When the detectives show up, Butterfield finds the other two bodies in the woods and tries to question Steve, but the detective won't allow him to interrogate his best friend. Before leaving the crime scene, Butterfield looks closely for evidence.

Steve follows the letter's instructions to Amy's house, where he's greeted by her servant Zork who has no hands. She explains to Steve that she was there at his birth, and knows that his mother had been bitten by Dracula while she was pregnant. She has a magic ring which disappears each time Steve transforms into a vampire, and reappears when he returns to normal. Zork hypnotizes Steve, and Amy tells him that he must go to the museum where Dracula is buried.

In a deep cavern below the museum, he finds Dracula inside a coffin, with a stake in his heart. He removes the stake, and Dracula is resurrected, along with Steve's mother. Dracula tries to hypnotize Steve, but he manages to kill Dracula. At that instant, Dracula and the mother vanish into smoke.

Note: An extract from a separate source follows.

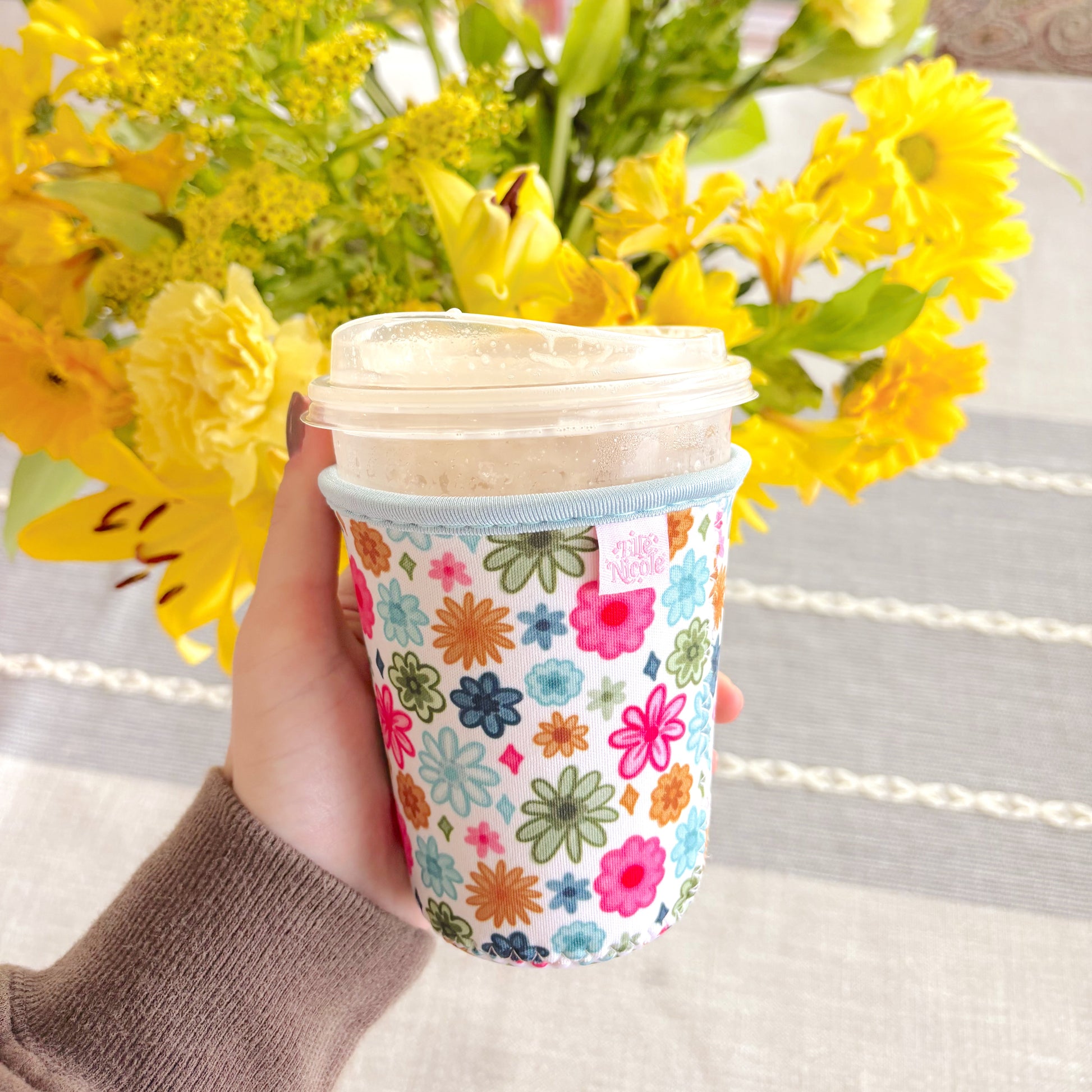 Coffee Cup Cover - Watercolor Florals - Iced Drink Sleeve
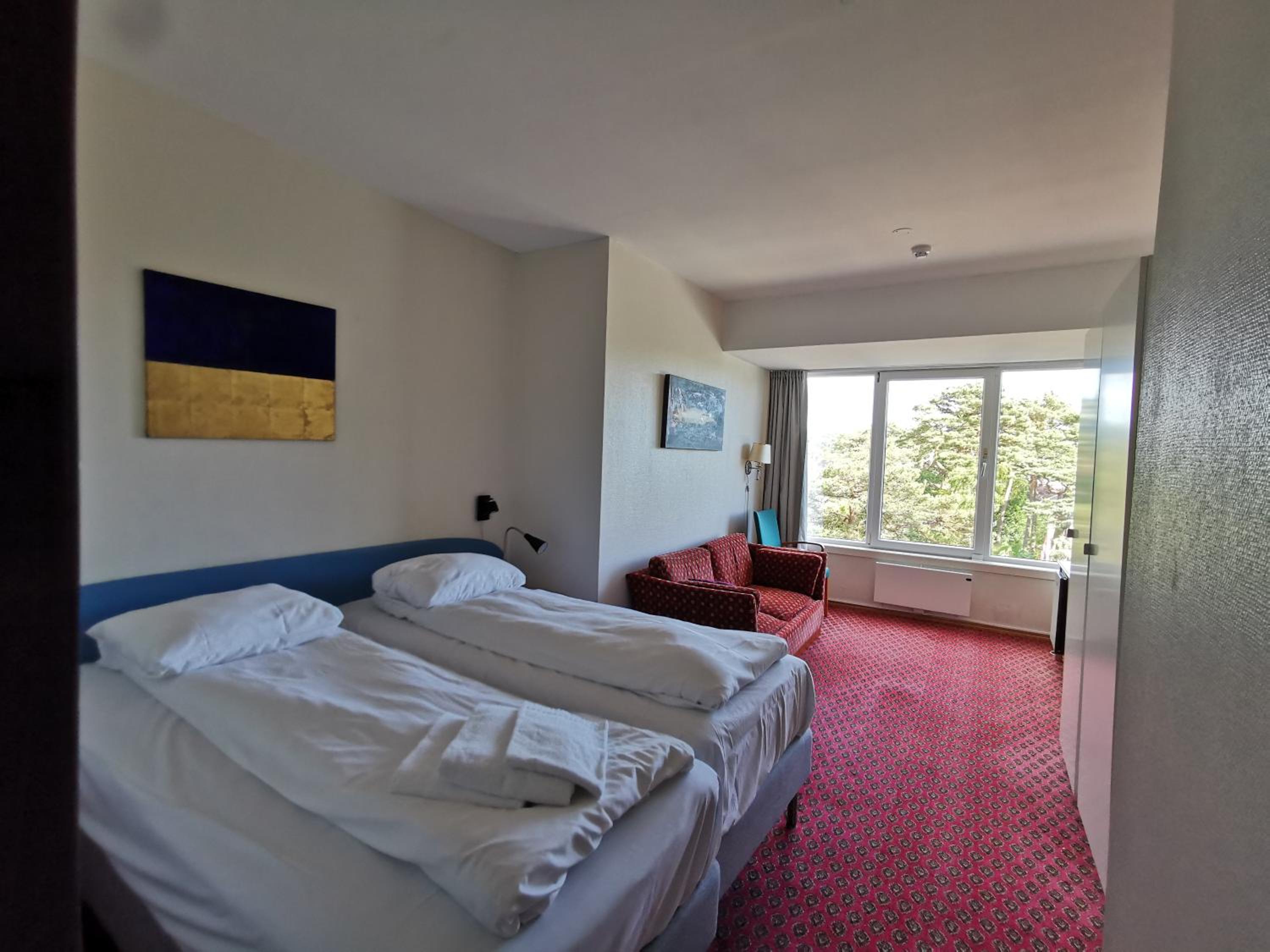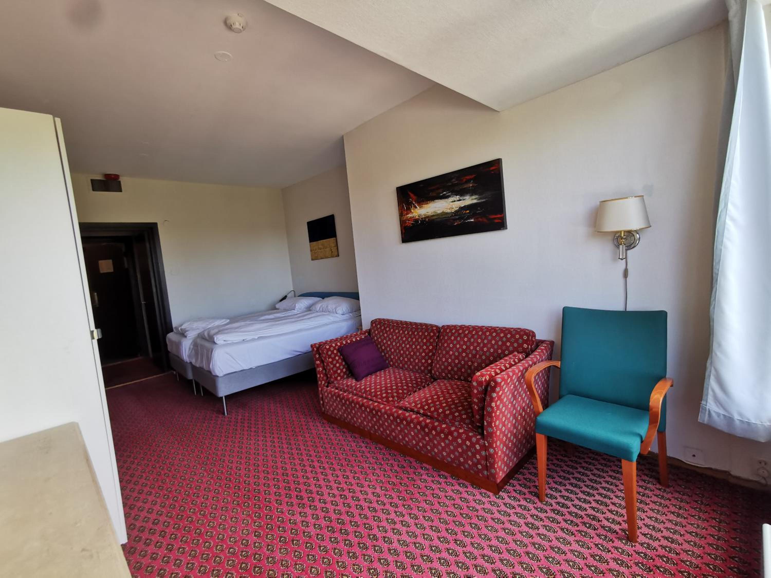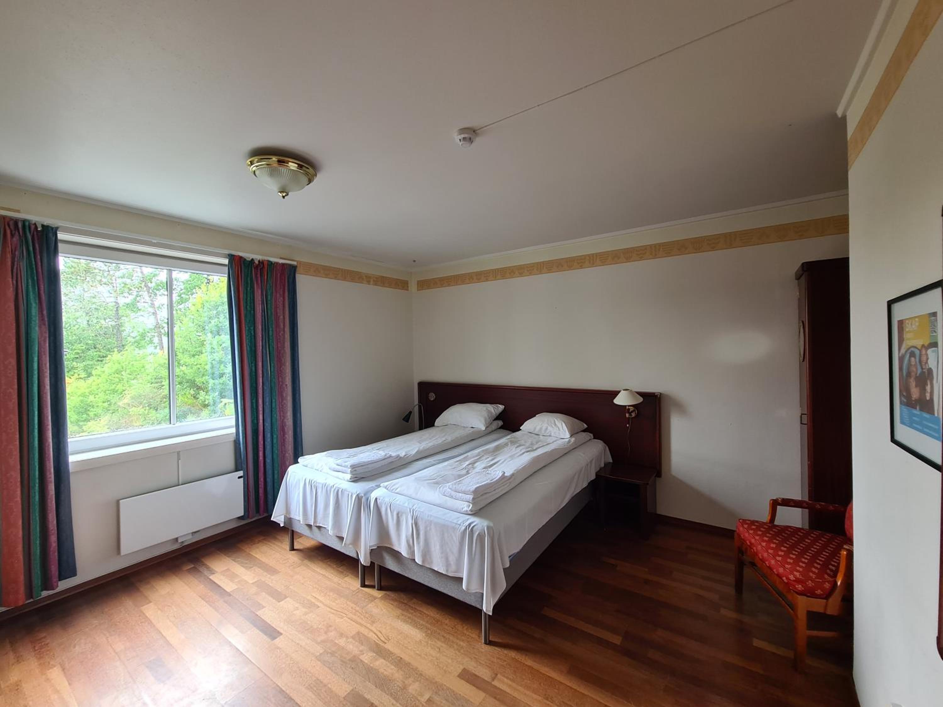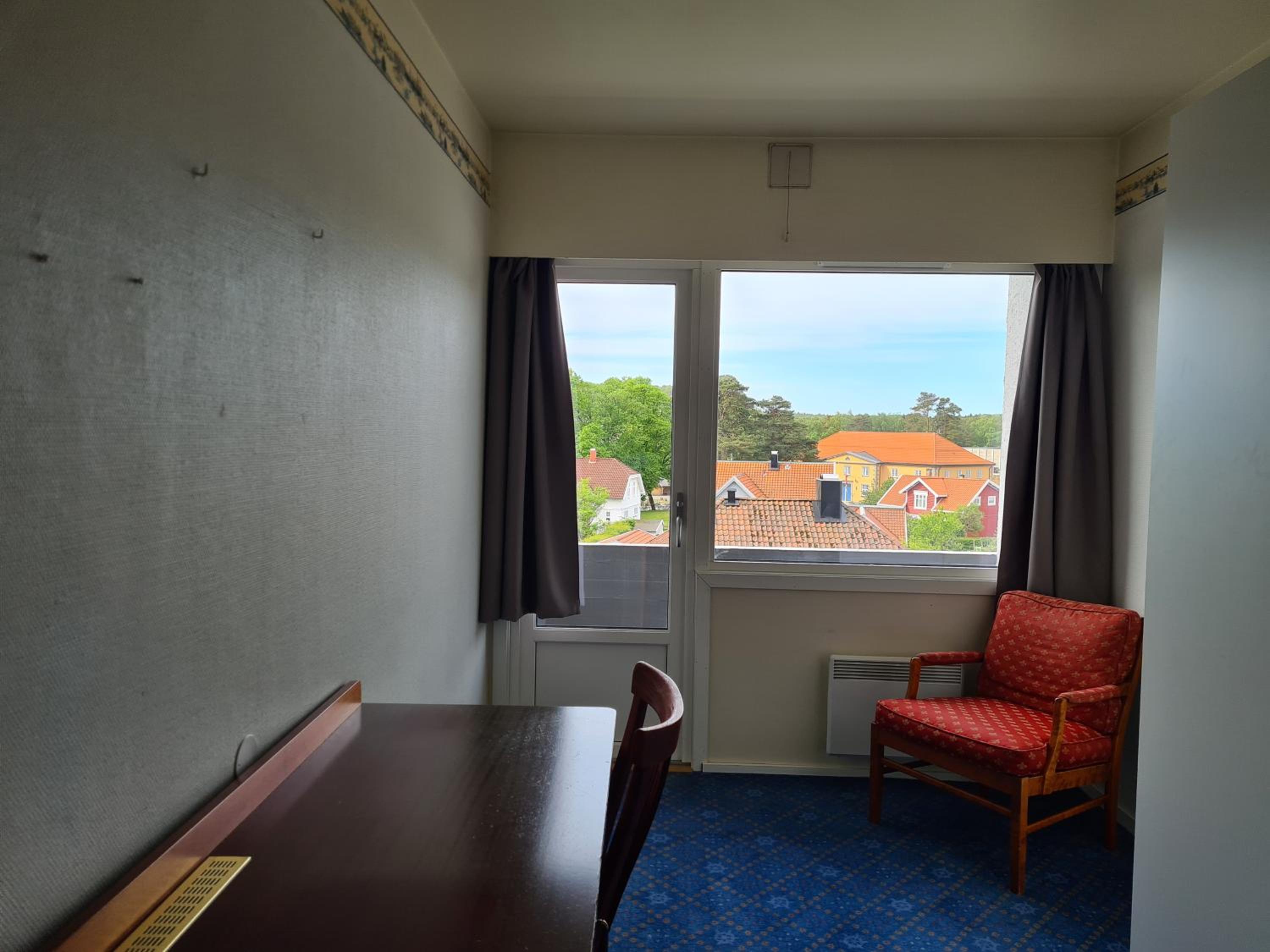Lage super, Personal freundlich, Für Schwedische Verhältnisse angenehme Betten, und ein wirklich großes Zimmer.

Steve gives a sermon for his father, but cringes when he sees a girl accidentally prick her finger in one of the pews. After the funeral, Butterfield arrests Steve, explaining that he found peanut shells in the vomit near the most recent crime scene, and citing the fact that Steve cringed in response to the finger pricking. Steve asks for a few minutes to pray before going to jail, and he gives a rousing prayer to God asking for forgiveness. He touches the magic ring to a crucifix, which kills Amy and replaces Zork's hands. Steve dies on the floor of the church.

==Cast==
An abbreviated cast list with an asterisk (*) denoting hearing actors
- Peter Wolf as Steve Adams
- Lee Darrel* as the detective
- Dudley Hemstreet as the assistant detective, Inspector Butterfield
- Katherine Wilson* as Maria Adams, Steve's mother
- Gary R. Holstrom* as Dracula (Note: Some credits list Holstrom as Deaf and some list him as hearing.)
- James Randall as Steve's father, the minister
- Norma Tuccinardi as Amy
- Nick Tuccinardi as Amy's assistant, Zork
- Cindy Whitney as young Amy

==Background and production==
Peter Wechsberg attended Gallaudet University and was in the inaugural troupe of the National Theater of the Deaf before going on to write and direct Deafula. The film was an independent film created by the Deaf community for the Deaf community, and its original release was silent.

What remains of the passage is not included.